START Record extracts

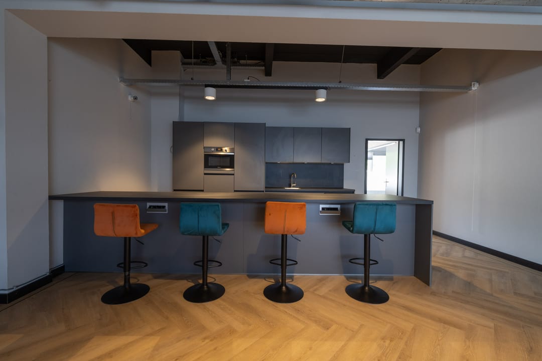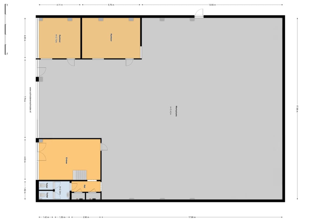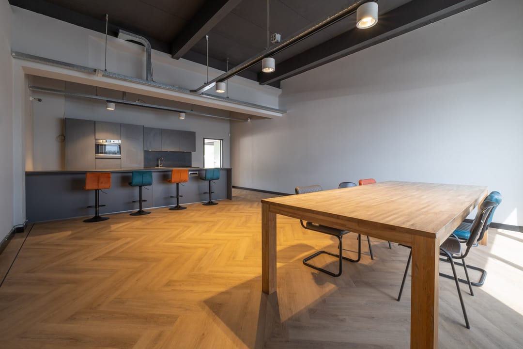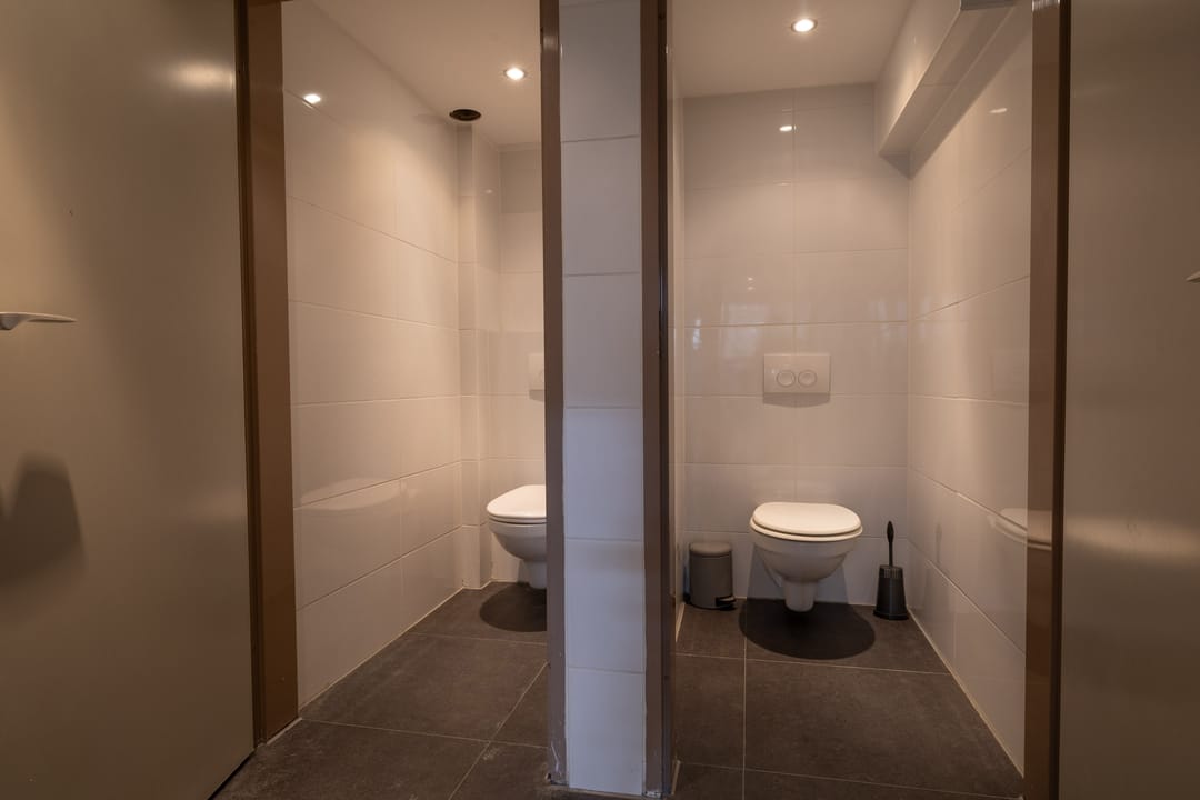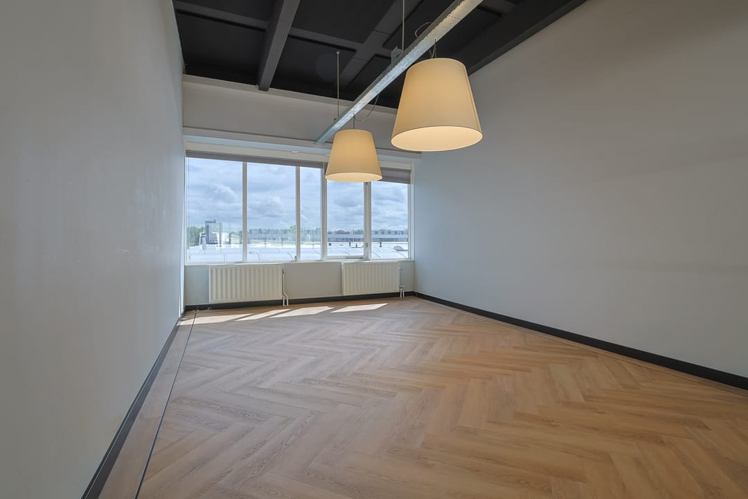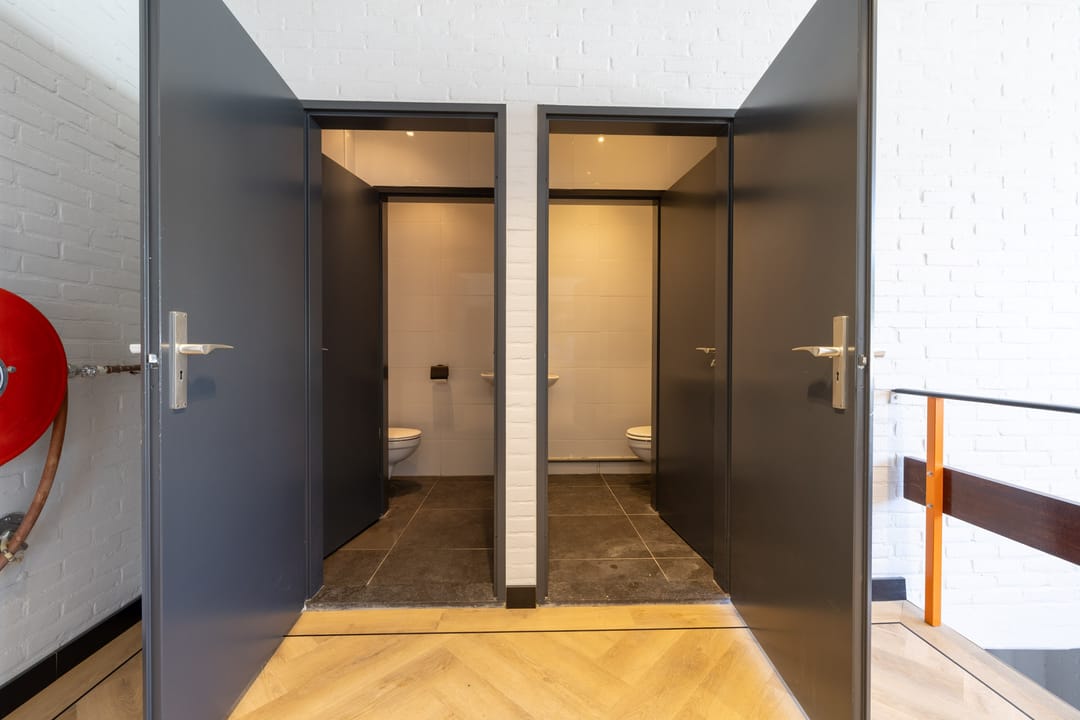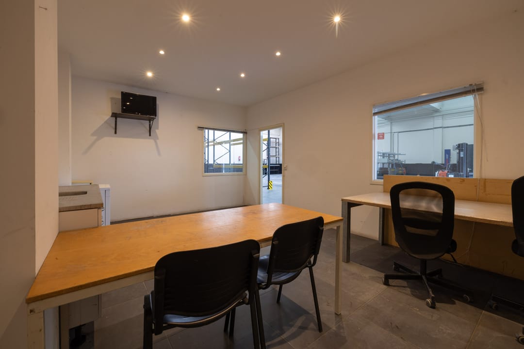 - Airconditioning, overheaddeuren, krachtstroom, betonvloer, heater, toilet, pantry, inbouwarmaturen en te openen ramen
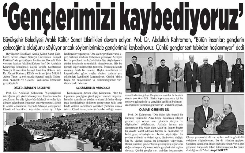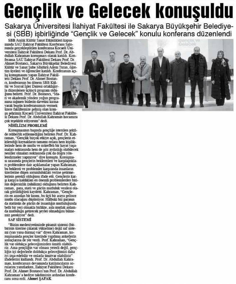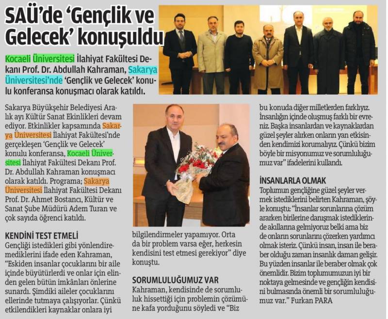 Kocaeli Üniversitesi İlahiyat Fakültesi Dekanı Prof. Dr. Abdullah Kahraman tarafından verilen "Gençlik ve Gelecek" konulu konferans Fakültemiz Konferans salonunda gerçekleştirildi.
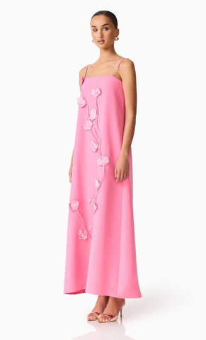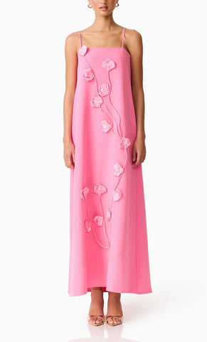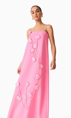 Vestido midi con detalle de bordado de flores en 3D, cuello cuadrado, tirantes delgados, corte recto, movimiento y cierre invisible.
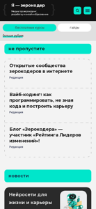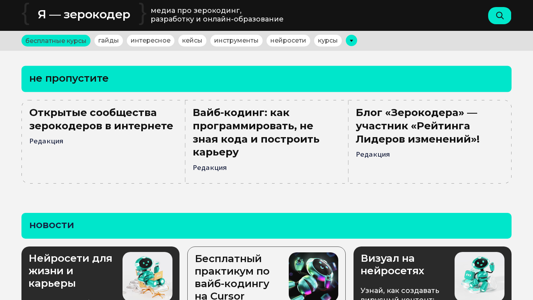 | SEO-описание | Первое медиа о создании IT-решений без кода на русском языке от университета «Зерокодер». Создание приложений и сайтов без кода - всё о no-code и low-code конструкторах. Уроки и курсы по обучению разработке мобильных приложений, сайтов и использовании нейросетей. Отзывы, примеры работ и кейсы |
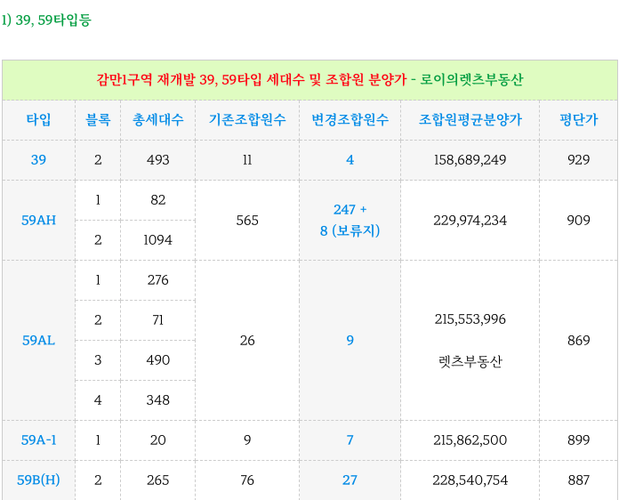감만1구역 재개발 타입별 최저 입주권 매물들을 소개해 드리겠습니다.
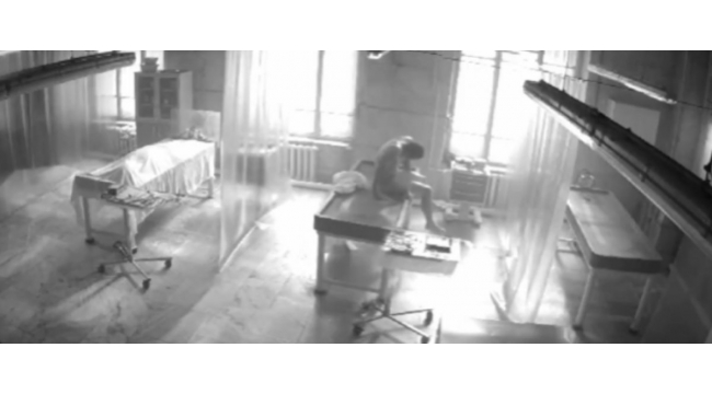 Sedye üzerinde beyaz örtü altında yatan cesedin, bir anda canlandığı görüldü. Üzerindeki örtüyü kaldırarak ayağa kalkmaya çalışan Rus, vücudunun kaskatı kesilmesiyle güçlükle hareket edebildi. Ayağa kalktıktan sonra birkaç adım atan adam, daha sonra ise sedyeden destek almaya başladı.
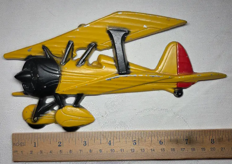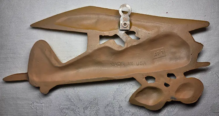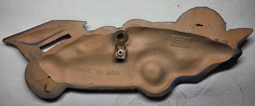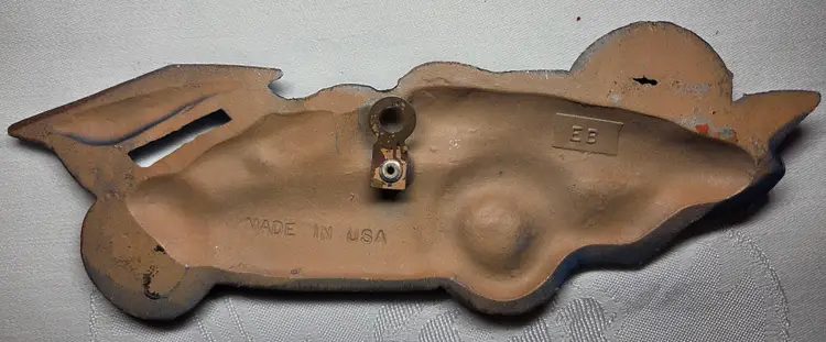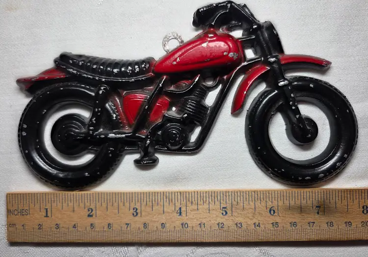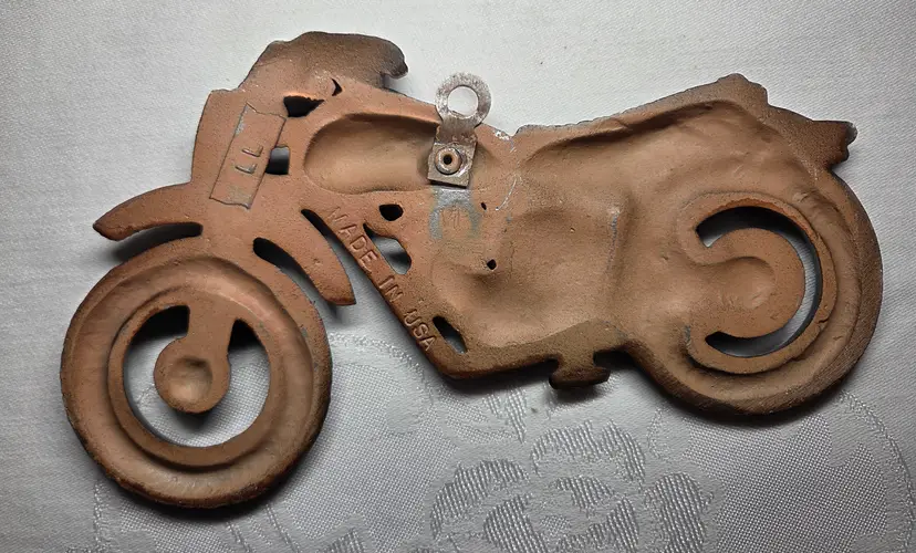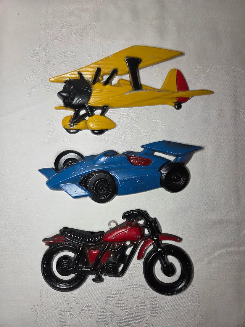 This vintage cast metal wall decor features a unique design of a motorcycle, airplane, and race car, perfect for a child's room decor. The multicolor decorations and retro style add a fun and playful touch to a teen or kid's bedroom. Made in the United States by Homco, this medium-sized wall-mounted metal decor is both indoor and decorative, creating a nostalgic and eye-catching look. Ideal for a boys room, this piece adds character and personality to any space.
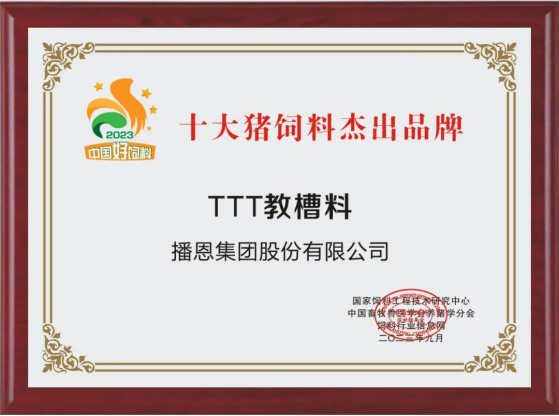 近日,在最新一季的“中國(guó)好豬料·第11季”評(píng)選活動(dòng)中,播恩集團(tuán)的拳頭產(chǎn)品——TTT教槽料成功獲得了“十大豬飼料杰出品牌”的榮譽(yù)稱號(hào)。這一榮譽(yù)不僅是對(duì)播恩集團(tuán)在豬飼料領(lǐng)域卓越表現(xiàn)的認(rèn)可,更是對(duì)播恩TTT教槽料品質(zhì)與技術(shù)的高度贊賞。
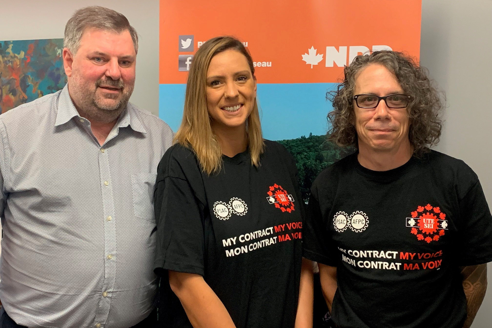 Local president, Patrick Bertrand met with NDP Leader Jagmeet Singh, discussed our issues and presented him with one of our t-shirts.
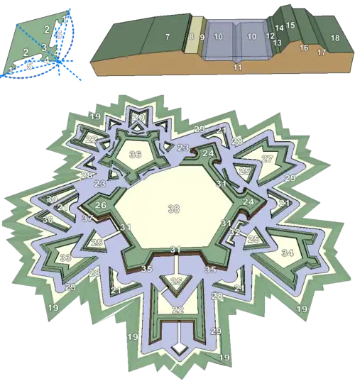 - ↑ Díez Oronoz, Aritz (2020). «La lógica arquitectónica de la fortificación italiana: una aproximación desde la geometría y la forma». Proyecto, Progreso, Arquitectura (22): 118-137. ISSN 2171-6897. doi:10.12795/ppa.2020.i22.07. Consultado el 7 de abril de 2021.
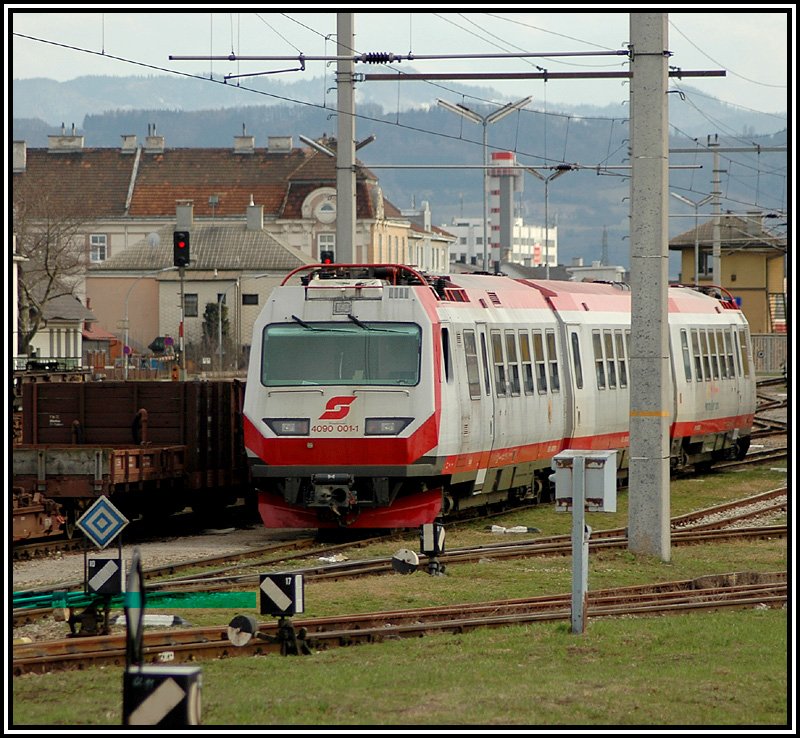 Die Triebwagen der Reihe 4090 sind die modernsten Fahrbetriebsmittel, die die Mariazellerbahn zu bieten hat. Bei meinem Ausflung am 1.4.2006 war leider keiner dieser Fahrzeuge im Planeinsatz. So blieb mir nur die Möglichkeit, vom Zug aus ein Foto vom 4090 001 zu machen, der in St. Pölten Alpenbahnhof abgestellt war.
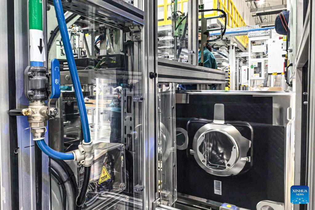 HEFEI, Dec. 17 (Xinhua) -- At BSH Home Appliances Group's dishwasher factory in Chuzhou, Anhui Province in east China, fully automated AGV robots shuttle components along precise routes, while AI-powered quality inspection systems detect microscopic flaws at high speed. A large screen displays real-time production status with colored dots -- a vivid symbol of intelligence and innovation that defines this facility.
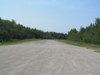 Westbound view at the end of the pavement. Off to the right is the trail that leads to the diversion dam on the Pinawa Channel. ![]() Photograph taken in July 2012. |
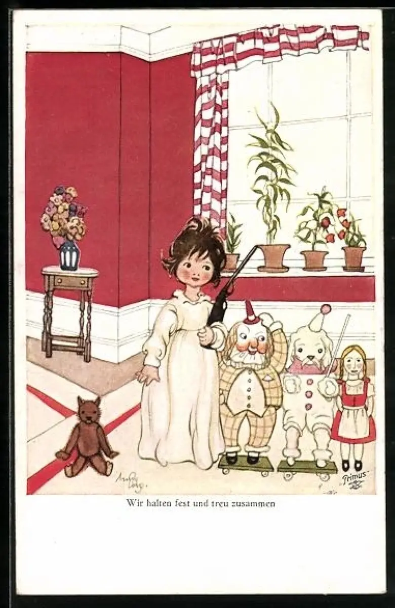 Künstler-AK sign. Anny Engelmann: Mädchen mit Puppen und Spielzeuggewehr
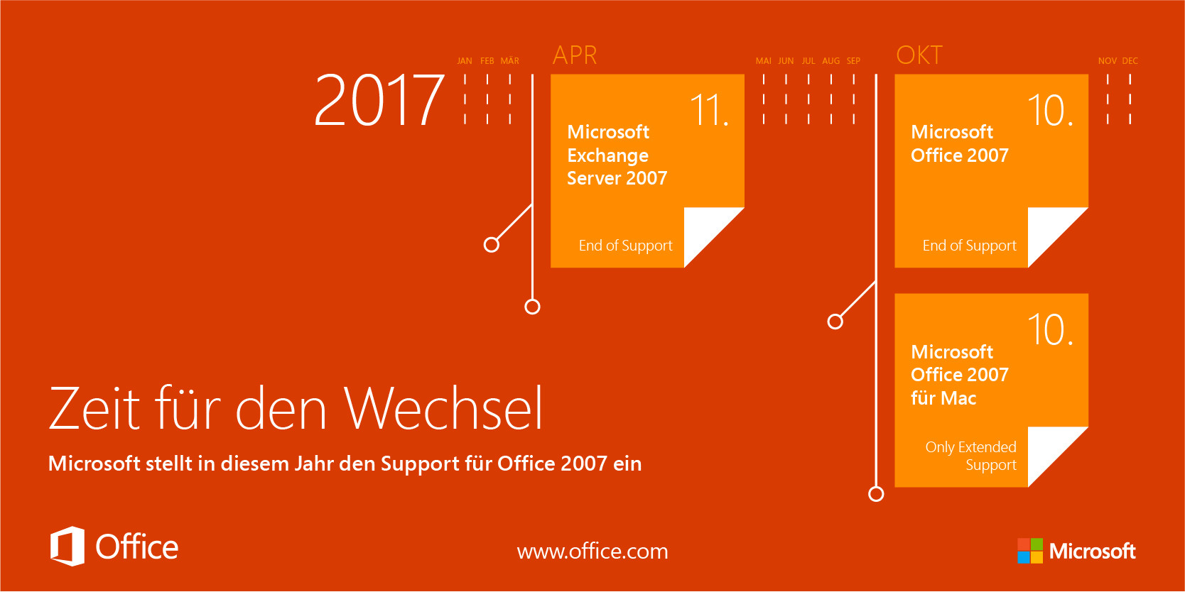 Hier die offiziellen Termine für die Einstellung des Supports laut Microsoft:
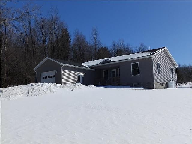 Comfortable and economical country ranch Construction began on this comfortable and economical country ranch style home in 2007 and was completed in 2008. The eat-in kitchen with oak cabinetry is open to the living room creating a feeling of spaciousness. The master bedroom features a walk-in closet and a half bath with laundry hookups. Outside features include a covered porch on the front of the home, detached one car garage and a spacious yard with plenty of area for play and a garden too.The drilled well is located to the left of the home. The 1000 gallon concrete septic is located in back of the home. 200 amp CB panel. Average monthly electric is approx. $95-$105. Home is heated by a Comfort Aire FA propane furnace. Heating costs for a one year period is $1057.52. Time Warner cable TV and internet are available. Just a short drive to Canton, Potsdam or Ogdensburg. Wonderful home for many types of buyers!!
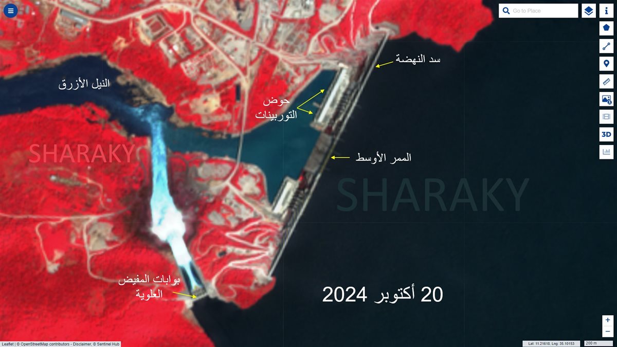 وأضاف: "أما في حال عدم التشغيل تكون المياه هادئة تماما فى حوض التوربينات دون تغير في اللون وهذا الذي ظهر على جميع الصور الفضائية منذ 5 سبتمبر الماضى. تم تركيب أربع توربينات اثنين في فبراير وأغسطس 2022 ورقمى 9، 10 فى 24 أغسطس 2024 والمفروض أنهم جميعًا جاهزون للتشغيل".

END Record extracts

(Work item): Reproduce, word for word, only the lines in the records above from the line with "работ и кейсы |" through the line with "Sedye üzerinde beyaz", including both ends; omit the pictures.

(The completed task):
 | SEO-описание | Первое медиа о создании IT-решений без кода на русском языке от университета «Зерокодер». Создание приложений и сайтов без кода - всё о no-code и low-code конструкторах. Уроки и курсы по обучению разработке мобильных приложений, сайтов и использовании нейросетей. Отзывы, примеры работ и кейсы |
감만1구역 재개발 타입별 최저 입주권 매물들을 소개해 드리겠습니다.
 Sedye üzerinde beyaz örtü altında yatan cesedin, bir anda canlandığı görüldü. Üzerindeki örtüyü kaldırarak ayağa kalkmaya çalışan Rus, vücudunun kaskatı kesilmesiyle güçlükle hareket edebildi. Ayağa kalktıktan sonra birkaç adım atan adam, daha sonra ise sedyeden destek almaya başladı.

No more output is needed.